◆ What is expected: Starting with the line that holds "- 360° zaštita" and stopping after the line that holds "This page presents", repeat the lines below word for word, without the pictures.

━━━━━━━━━━━━━━━━━━━━━━━━━━━━━━

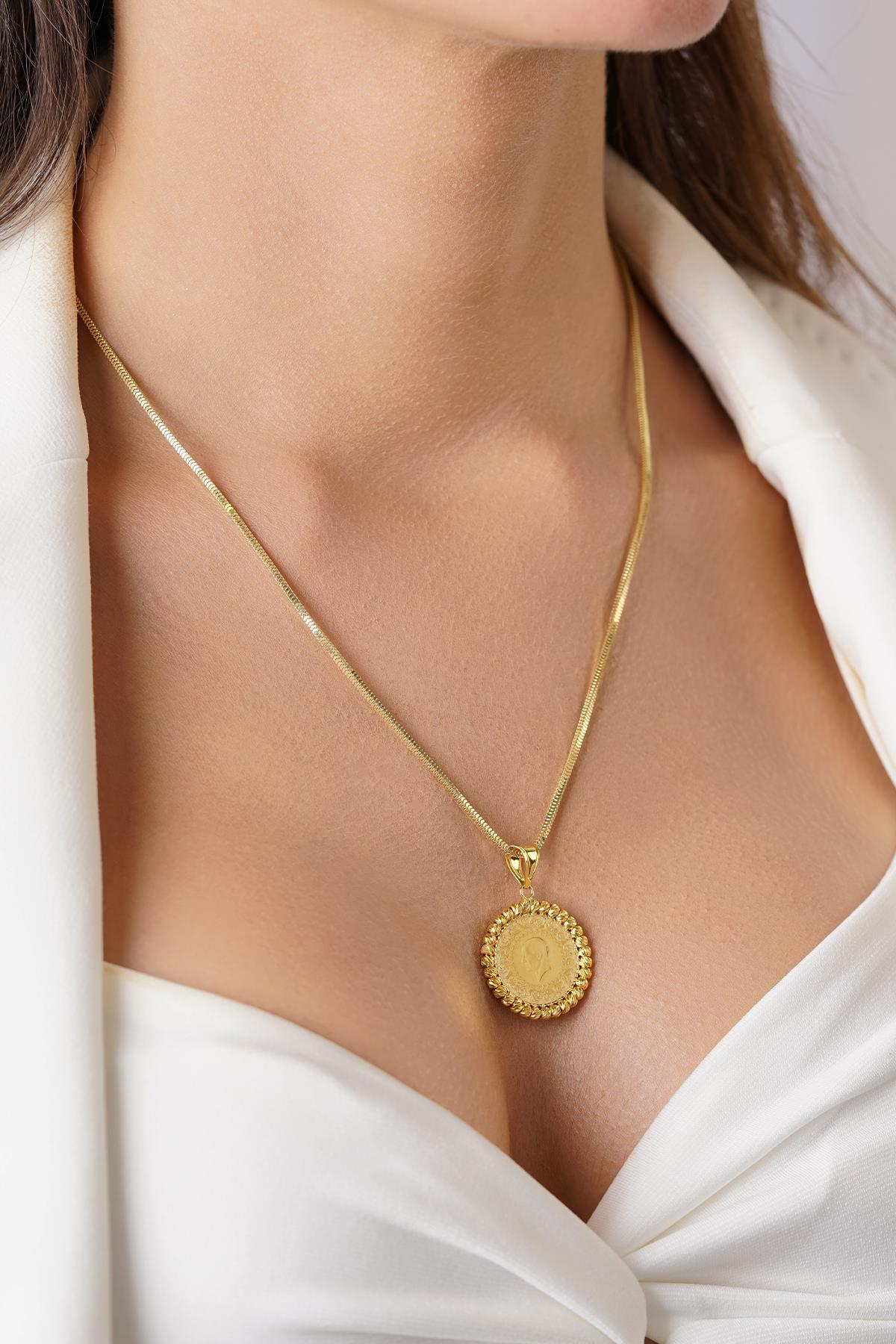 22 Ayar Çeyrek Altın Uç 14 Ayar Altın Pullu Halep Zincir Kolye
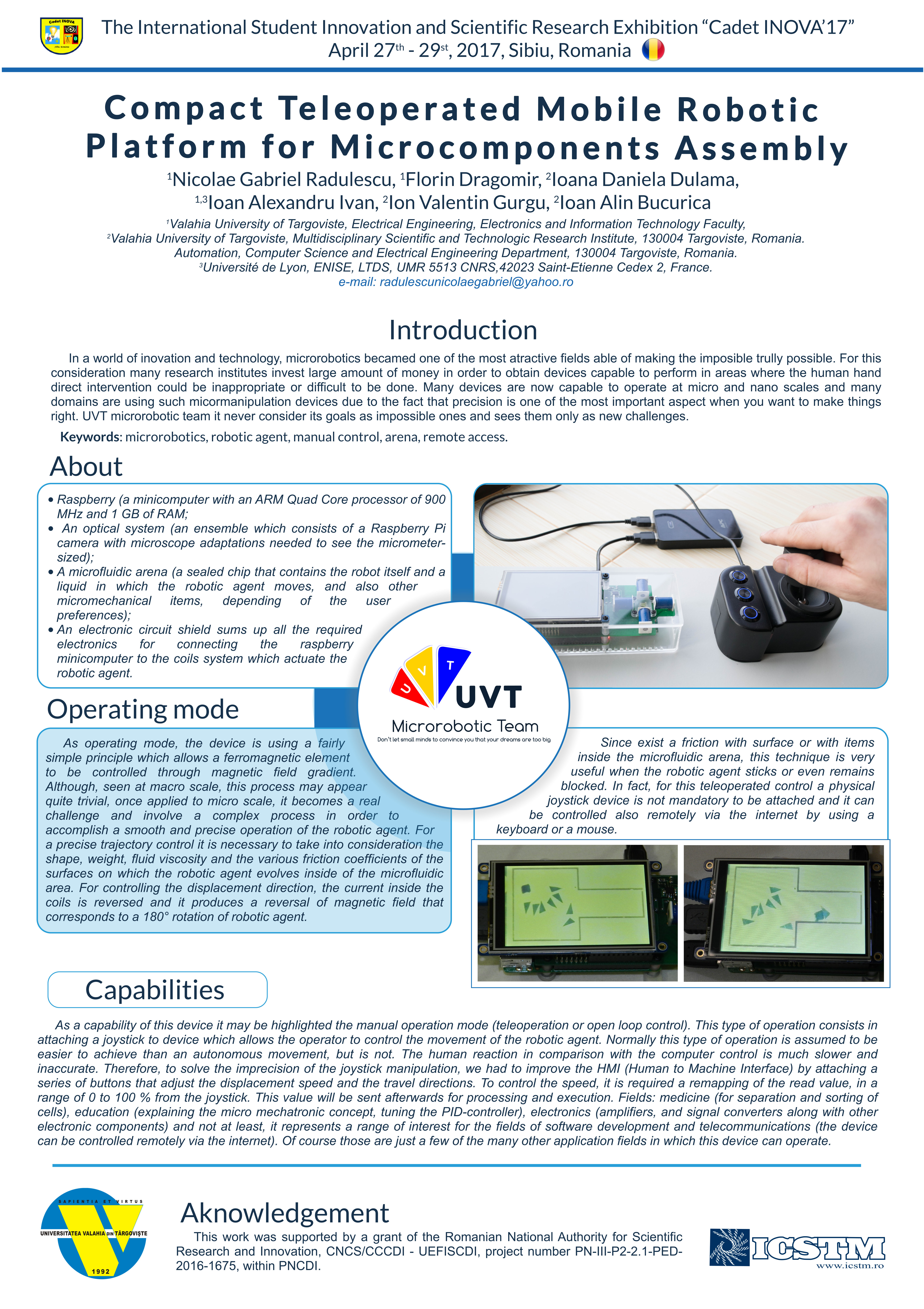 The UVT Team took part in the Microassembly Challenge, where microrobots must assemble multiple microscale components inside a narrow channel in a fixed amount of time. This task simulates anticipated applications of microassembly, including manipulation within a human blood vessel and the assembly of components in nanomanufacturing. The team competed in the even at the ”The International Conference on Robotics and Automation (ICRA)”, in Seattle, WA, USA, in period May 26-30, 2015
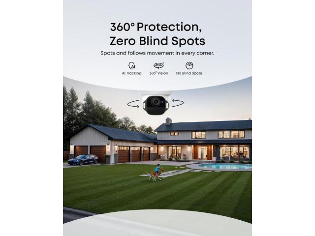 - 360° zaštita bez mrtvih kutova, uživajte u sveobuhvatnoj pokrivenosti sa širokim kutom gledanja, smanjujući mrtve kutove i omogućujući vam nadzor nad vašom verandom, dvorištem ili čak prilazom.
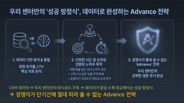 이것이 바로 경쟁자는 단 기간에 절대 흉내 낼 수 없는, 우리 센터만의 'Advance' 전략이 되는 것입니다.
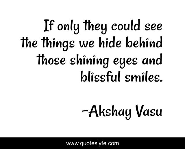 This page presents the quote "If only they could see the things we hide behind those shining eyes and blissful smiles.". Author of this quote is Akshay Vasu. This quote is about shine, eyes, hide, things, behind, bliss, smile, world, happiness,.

━━━━━━━━━━━━━━━━━━━━━━━━━━━━━━

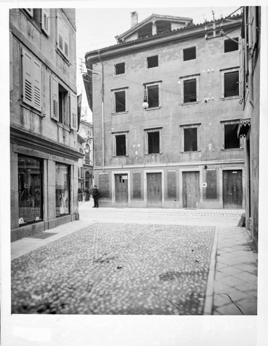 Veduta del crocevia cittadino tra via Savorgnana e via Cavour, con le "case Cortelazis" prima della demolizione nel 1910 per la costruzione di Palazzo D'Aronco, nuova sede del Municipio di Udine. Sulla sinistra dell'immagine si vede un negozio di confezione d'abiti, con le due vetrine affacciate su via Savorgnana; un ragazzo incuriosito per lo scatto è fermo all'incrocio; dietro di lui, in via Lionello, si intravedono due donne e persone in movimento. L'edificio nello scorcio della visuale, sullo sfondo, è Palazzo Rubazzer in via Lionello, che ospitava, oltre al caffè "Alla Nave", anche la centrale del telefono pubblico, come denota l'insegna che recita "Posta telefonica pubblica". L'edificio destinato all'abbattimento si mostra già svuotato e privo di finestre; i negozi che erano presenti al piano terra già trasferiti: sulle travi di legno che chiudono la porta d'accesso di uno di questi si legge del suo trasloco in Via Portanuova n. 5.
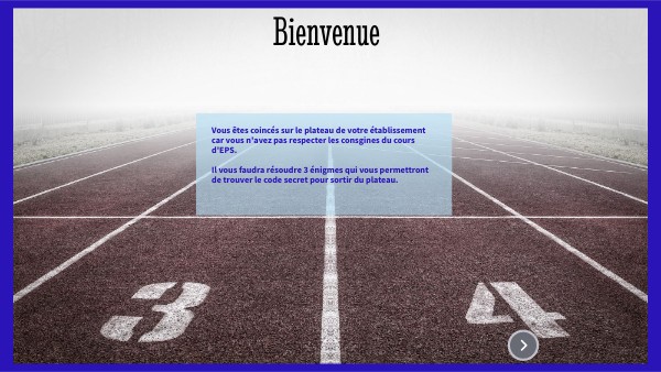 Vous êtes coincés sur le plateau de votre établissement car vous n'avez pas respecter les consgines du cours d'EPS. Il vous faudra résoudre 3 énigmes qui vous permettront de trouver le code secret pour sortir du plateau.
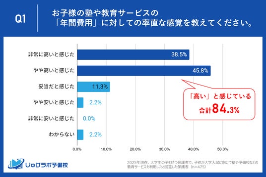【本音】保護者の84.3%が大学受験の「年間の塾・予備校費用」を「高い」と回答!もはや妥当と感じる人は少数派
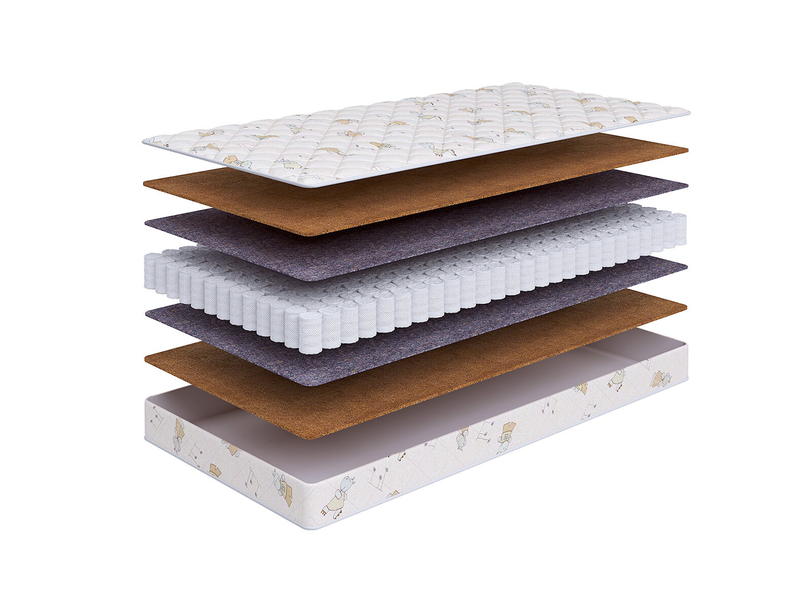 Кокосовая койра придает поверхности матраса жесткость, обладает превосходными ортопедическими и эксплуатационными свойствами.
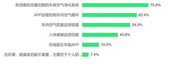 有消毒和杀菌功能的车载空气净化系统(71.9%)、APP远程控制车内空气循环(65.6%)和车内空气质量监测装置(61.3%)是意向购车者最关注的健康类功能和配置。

━━━━━━━━━━━━━━━━━━━━━━━━━━━━━━

◆ Output of the exercise:
 - 360° zaštita bez mrtvih kutova, uživajte u sveobuhvatnoj pokrivenosti sa širokim kutom gledanja, smanjujući mrtve kutove i omogućujući vam nadzor nad vašom verandom, dvorištem ili čak prilazom.
 이것이 바로 경쟁자는 단 기간에 절대 흉내 낼 수 없는, 우리 센터만의 'Advance' 전략이 되는 것입니다.
 This page presents the quote "If only they could see the things we hide behind those shining eyes and blissful smiles.". Author of this quote is Akshay Vasu. This quote is about shine, eyes, hide, things, behind, bliss, smile, world, happiness,.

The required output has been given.